Eko, a Berkeley, California-based health tech company that employs artificial intelligence and machine learning to monitor and manage cardiovascular diseases, as per recent reports, has introduced an investigational Aortic Stenosis (AS) detection algorithm at the American Society of Echocardiography (ASE) 2019 Scientific Sessions. The AS detection algorithm will enable clinical providers to early detect the clinically significant AS. With this new algorithm, Eko, following its mission, has taken a major step forward in enabling healthcare providers with the necessary tools to accurately detect structural heart disease during primary care visits.
In the US alone, there are three million patients, who suffer from Aortic Stenosis – a common structural heart disease – and estimations are that the disease may likely affect more than 1 in 8 patients over the age of 75, globally. The conventional way to identify the disease is a physical exam, where a healthcare provider uses the stethoscope to hear the heart murmur. However, following the subjectivity involved in using a stethoscope, and the difficulty to identify the subtle AS murmur, the disease often goes unnoticed in symptomatic patients.

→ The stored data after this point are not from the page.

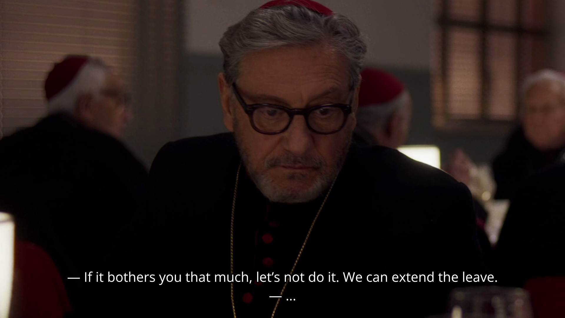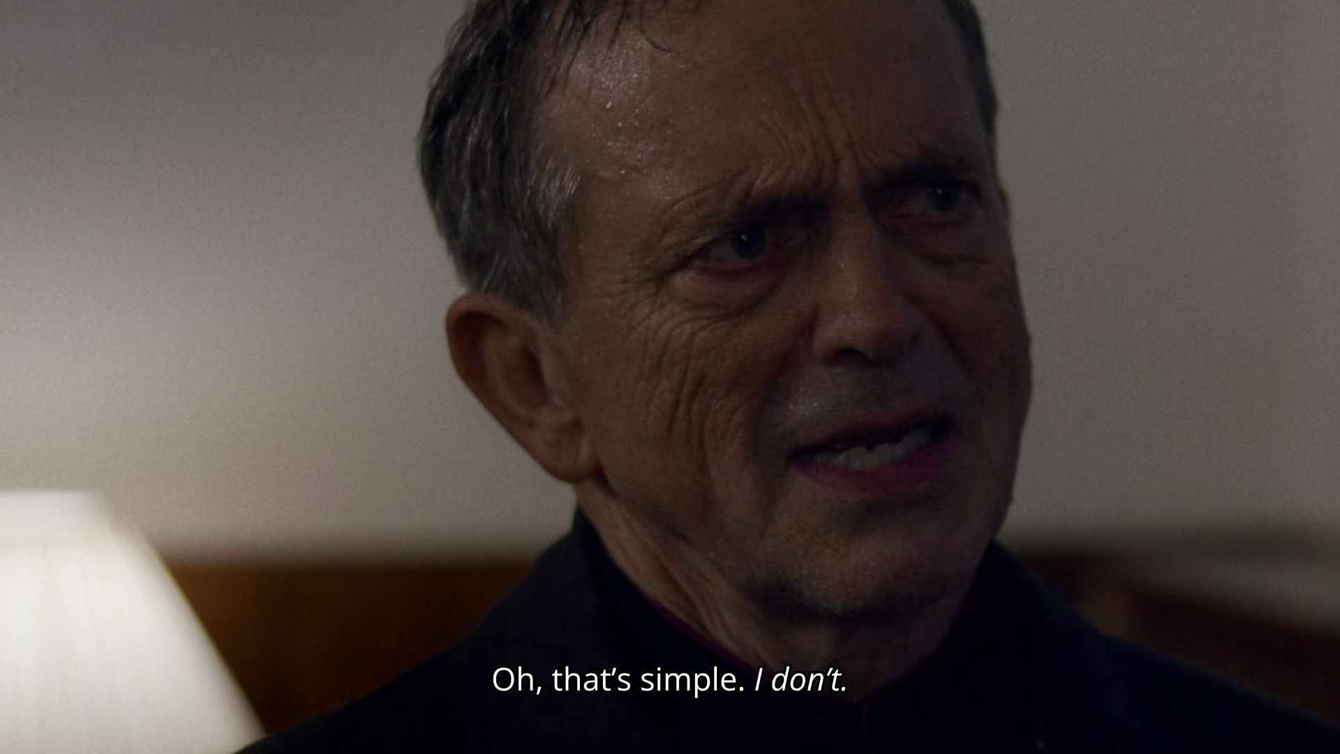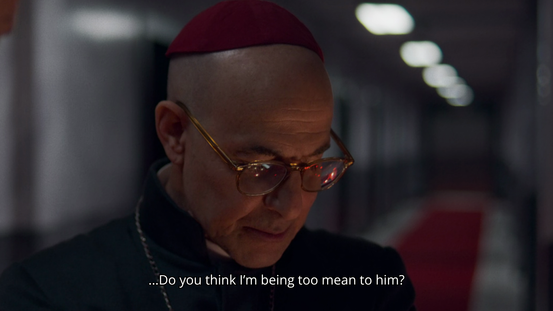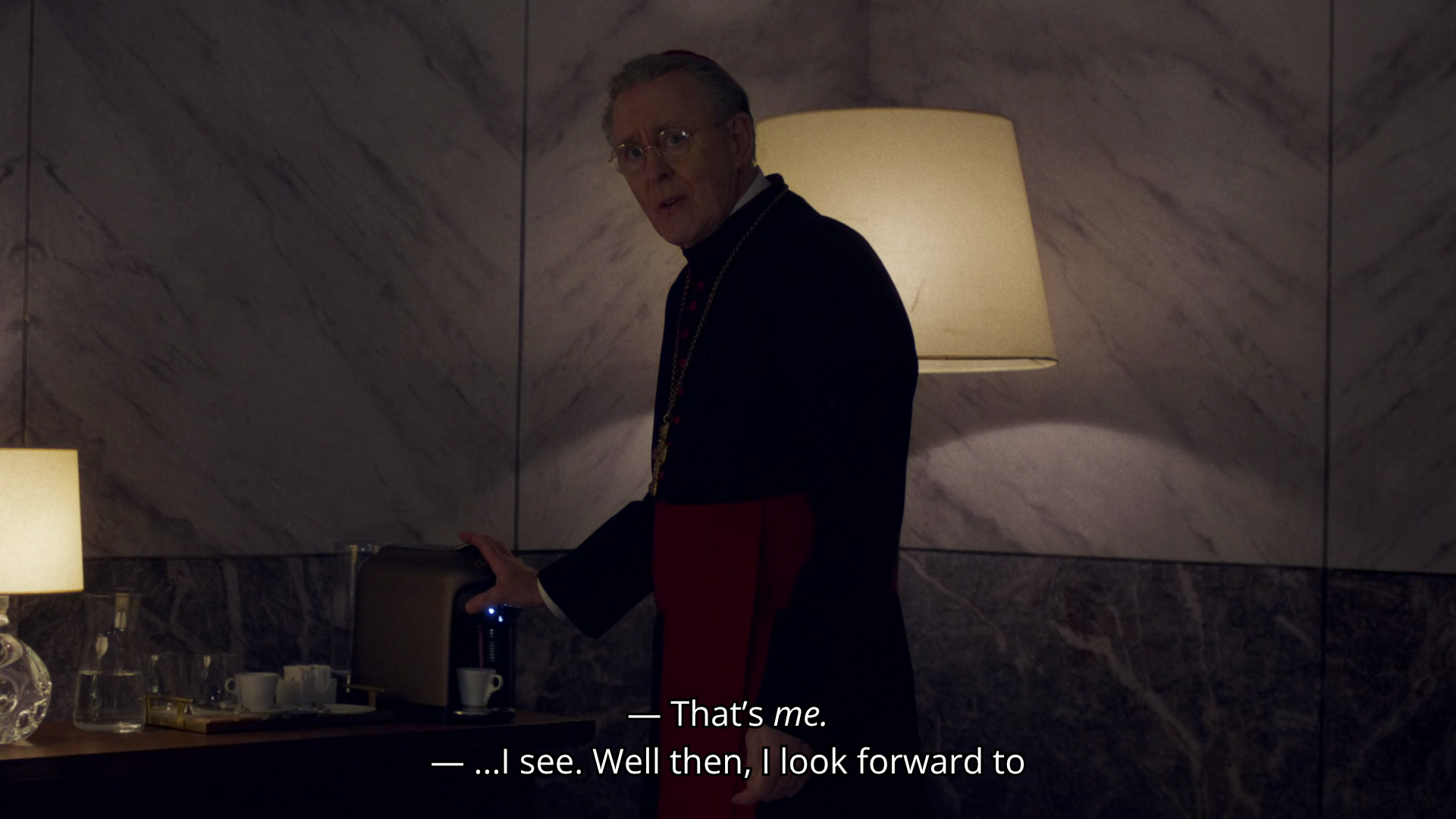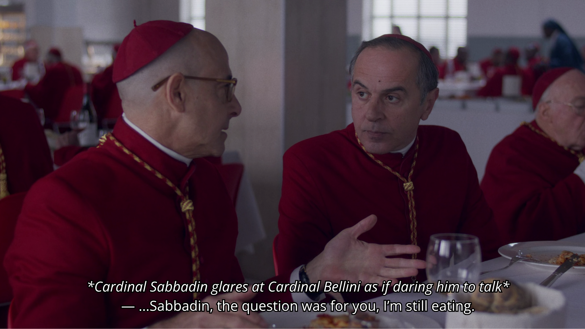 Q: Your Eminence, we'll put it bluntly. Why have you been glaring at Cardinal Bellini?
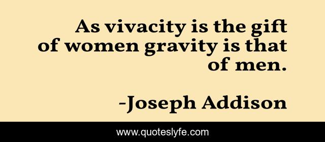 This page presents the quote "As vivacity is the gift of women gravity is that of men.". Author of this quote is Joseph Addison. .
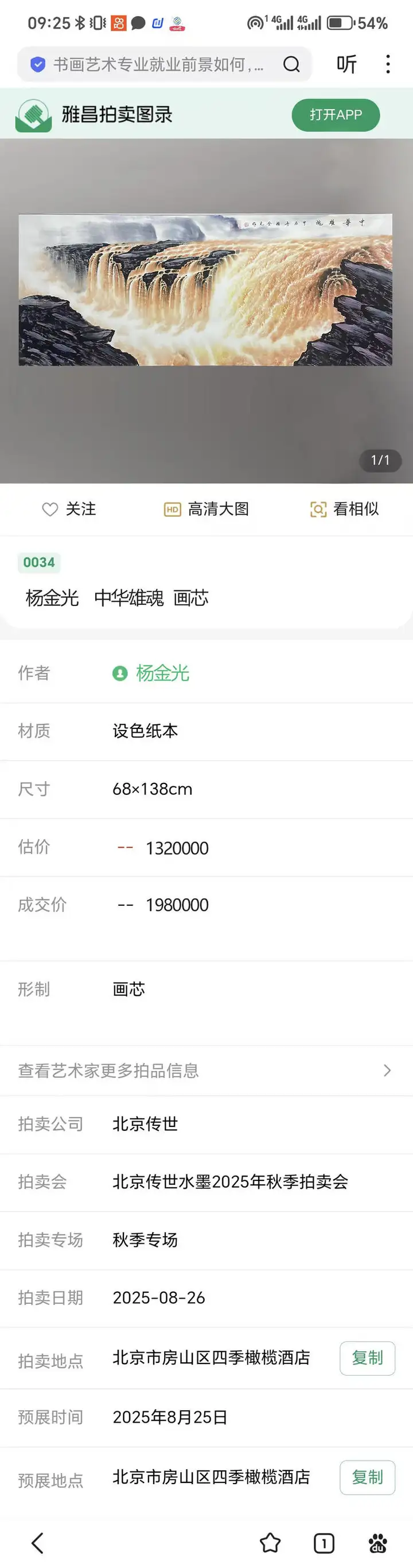 北京传世拍卖公司在2025年8月26日举行的北京传世水墨2025年秋季拍卖会中,备受关注的艺术家杨金光作品《泼彩四条屏》经场内多轮激烈竞逐,最后以88万元落槌成交,《迎客松》以260万落槌成交,其作品价值和升值空间引起社会各界专业人士瞩目。
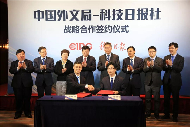 在活動現場,中國外文局副局長高岸明與科技日報社副社長房漢廷簽署了戰略合作協議,聯合工作機構——國際科技傳播中心正式揭牌成立。
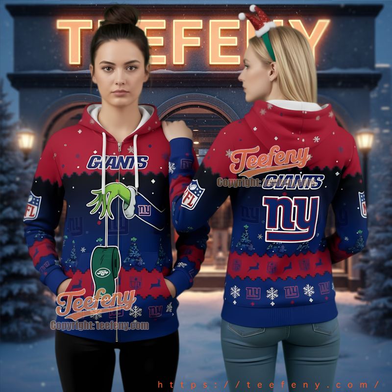 Don’t miss your chance to own this must-have holiday apparel. Show everyone that you’re a true fan with the New York Giants Grinchmas Jets Fan Ugly Christmas 3D Hoodie. It’s the ultimate way to celebrate the season and express your team spirit!
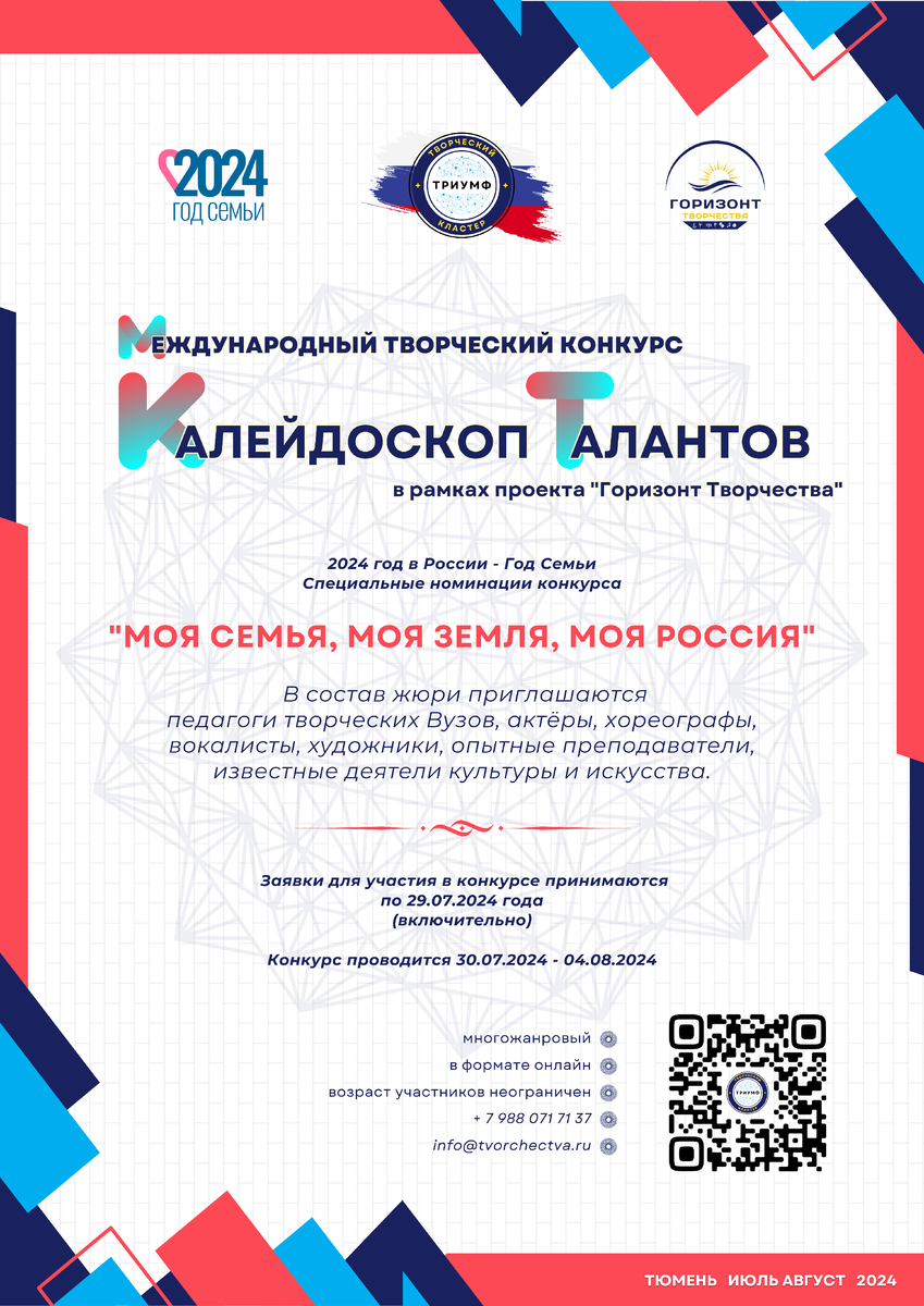 Основная цель конкурса - поддержка талантливых людей в реализации их творческого потенциала, укрепление роли и повышение статуса семьи в социально-культурном общественном пространстве. Конкурс многожанровый, проводится в формате онлайн. Для оценки конкурсных выступлений приглашается жюри, в состав которого входят педагоги творческих вузов, актёры, хореографы, вокалисты, художники, опытные преподаватели, деятели культуры и искусства. Специальная дополнительная номинация конкурса, приуроченная к Году семьи, - «Моя семья, моя земля, моя Россия» ; Льготная номинация "Яркий мир" для конкурсантов - детей инвалидов, детей сирот и детей, оставшихся без попечения родителей. Участие добровольное. Конкурсная программа свободная, не противоречащая морально – этическим нормам общества. Заявки принимаются по 29.07.2024г. Даты проведения: 30.07.2024 –04.08. 2024 г.

The early results of the AS detection algorithm, developed by Eko in association with the Northwestern Medicine Bluhm Cardiovascular Institute, showed that Eko’s AI was able to accurately detect AS in a cohort of Aortic Stenosis patients with a sensitivity of 97.2% and a specificity of 86.4%. In their conclusion, the Northwestern researchers have made the assessment that Eko’s platform is a fast and effective method to screen for significant AS and should be validated in a primary care setting.
Eko, continuing its partnership with the Bluhm Cardiovascular Institute at Northwestern, will be rigorously testing the AS screening algorithm, before submitting the algorithm for regulatory clearance.